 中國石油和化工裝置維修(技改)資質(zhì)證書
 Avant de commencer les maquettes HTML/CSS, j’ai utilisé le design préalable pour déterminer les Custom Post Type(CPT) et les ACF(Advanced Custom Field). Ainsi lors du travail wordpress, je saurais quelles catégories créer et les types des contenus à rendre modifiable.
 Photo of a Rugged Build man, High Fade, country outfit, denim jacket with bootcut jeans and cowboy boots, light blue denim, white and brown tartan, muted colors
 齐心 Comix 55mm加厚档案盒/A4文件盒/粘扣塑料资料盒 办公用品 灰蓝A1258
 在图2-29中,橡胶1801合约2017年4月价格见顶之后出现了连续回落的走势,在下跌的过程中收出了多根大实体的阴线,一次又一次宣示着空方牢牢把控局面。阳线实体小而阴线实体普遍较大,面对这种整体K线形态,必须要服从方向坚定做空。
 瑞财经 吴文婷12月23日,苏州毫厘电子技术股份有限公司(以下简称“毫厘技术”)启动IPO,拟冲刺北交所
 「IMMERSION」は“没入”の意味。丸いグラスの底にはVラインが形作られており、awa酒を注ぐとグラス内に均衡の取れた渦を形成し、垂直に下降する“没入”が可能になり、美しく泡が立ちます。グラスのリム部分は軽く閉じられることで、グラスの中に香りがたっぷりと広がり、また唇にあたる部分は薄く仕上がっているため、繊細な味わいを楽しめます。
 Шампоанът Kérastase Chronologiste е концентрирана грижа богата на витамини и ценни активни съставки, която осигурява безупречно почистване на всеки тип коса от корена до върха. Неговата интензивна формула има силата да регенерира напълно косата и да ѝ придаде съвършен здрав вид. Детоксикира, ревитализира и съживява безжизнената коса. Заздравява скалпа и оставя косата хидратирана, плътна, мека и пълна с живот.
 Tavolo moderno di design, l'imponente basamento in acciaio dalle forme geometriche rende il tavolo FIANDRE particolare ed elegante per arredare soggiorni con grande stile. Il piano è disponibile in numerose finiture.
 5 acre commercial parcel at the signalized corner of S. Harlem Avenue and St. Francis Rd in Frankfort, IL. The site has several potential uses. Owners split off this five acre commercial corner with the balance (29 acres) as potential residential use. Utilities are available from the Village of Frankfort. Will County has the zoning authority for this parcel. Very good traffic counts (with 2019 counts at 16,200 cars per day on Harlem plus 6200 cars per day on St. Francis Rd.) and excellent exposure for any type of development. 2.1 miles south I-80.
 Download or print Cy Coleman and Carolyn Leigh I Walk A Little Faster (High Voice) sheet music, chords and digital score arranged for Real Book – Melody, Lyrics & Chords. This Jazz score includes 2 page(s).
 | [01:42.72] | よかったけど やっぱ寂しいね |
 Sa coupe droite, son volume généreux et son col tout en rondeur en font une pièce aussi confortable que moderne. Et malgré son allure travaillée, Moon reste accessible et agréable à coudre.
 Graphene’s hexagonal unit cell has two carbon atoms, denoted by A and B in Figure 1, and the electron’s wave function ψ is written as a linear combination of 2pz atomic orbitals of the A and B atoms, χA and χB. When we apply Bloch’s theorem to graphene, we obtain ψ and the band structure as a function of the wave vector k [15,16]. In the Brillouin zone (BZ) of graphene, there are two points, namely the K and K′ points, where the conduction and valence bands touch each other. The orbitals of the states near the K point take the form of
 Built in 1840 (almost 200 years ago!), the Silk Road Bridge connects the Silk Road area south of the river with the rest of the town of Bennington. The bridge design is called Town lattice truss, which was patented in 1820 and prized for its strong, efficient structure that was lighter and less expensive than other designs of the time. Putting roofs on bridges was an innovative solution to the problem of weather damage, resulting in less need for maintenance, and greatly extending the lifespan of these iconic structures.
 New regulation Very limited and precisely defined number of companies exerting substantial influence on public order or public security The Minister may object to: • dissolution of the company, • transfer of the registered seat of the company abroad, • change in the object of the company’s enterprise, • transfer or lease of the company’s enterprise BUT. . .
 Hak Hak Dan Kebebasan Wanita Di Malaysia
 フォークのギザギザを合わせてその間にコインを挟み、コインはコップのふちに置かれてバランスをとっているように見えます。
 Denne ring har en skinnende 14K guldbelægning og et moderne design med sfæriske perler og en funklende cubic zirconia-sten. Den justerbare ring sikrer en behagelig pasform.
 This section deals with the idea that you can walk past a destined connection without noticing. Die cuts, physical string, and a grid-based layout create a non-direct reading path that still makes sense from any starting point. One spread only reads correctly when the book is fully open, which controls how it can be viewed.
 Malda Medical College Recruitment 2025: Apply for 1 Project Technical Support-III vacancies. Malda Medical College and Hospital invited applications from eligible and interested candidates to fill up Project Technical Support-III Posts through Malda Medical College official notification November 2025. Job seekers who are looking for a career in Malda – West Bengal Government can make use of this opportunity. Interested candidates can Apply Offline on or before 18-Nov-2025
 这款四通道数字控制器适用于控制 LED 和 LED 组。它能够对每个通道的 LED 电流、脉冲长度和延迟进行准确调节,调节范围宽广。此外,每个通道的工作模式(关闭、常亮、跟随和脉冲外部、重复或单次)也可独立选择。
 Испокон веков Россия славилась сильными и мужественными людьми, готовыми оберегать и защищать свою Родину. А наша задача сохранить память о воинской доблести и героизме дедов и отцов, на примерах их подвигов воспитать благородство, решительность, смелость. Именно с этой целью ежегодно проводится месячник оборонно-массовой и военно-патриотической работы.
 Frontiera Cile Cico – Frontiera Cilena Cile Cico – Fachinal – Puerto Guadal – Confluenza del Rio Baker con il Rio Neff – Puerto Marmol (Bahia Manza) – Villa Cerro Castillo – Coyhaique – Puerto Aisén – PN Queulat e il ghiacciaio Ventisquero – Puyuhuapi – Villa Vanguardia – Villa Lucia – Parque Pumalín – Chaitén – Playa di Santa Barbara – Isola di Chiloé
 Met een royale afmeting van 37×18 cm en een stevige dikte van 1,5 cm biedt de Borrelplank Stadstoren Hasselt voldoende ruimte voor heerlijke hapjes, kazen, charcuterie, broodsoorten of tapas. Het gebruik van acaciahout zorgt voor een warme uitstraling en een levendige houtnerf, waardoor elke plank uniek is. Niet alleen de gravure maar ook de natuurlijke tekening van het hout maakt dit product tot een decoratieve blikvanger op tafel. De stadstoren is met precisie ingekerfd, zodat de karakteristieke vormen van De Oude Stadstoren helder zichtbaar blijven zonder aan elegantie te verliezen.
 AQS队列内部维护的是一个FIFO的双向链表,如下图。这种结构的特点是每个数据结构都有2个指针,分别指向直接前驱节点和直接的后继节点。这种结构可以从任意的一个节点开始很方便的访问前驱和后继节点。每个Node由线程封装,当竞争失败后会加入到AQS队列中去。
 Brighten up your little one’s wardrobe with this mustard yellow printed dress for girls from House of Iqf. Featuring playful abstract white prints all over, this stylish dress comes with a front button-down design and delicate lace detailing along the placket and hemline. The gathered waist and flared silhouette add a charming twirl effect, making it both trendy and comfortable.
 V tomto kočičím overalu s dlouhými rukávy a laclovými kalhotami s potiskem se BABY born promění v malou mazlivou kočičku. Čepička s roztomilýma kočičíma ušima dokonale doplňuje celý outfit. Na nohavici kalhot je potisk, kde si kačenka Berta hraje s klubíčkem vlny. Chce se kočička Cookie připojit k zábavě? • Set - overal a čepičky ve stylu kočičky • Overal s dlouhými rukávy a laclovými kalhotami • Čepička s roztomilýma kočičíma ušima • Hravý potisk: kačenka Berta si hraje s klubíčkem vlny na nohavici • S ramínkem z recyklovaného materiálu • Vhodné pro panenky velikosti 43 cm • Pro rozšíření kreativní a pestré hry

- _Exercise_
What you give back should be exactly the lines of the data above from the line with "Photo of a Rugged" through the line with "よかったけど やっぱ寂しいね |", both of those included, and nothing more.

- _The completed task_
 Photo of a Rugged Build man, High Fade, country outfit, denim jacket with bootcut jeans and cowboy boots, light blue denim, white and brown tartan, muted colors
 齐心 Comix 55mm加厚档案盒/A4文件盒/粘扣塑料资料盒 办公用品 灰蓝A1258
 在图2-29中,橡胶1801合约2017年4月价格见顶之后出现了连续回落的走势,在下跌的过程中收出了多根大实体的阴线,一次又一次宣示着空方牢牢把控局面。阳线实体小而阴线实体普遍较大,面对这种整体K线形态,必须要服从方向坚定做空。
 瑞财经 吴文婷12月23日,苏州毫厘电子技术股份有限公司(以下简称“毫厘技术”)启动IPO,拟冲刺北交所
 「IMMERSION」は“没入”の意味。丸いグラスの底にはVラインが形作られており、awa酒を注ぐとグラス内に均衡の取れた渦を形成し、垂直に下降する“没入”が可能になり、美しく泡が立ちます。グラスのリム部分は軽く閉じられることで、グラスの中に香りがたっぷりと広がり、また唇にあたる部分は薄く仕上がっているため、繊細な味わいを楽しめます。
 Шампоанът Kérastase Chronologiste е концентрирана грижа богата на витамини и ценни активни съставки, която осигурява безупречно почистване на всеки тип коса от корена до върха. Неговата интензивна формула има силата да регенерира напълно косата и да ѝ придаде съвършен здрав вид. Детоксикира, ревитализира и съживява безжизнената коса. Заздравява скалпа и оставя косата хидратирана, плътна, мека и пълна с живот.
 Tavolo moderno di design, l'imponente basamento in acciaio dalle forme geometriche rende il tavolo FIANDRE particolare ed elegante per arredare soggiorni con grande stile. Il piano è disponibile in numerose finiture.
 5 acre commercial parcel at the signalized corner of S. Harlem Avenue and St. Francis Rd in Frankfort, IL. The site has several potential uses. Owners split off this five acre commercial corner with the balance (29 acres) as potential residential use. Utilities are available from the Village of Frankfort. Will County has the zoning authority for this parcel. Very good traffic counts (with 2019 counts at 16,200 cars per day on Harlem plus 6200 cars per day on St. Francis Rd.) and excellent exposure for any type of development. 2.1 miles south I-80.
 Download or print Cy Coleman and Carolyn Leigh I Walk A Little Faster (High Voice) sheet music, chords and digital score arranged for Real Book – Melody, Lyrics & Chords. This Jazz score includes 2 page(s).
 | [01:42.72] | よかったけど やっぱ寂しいね |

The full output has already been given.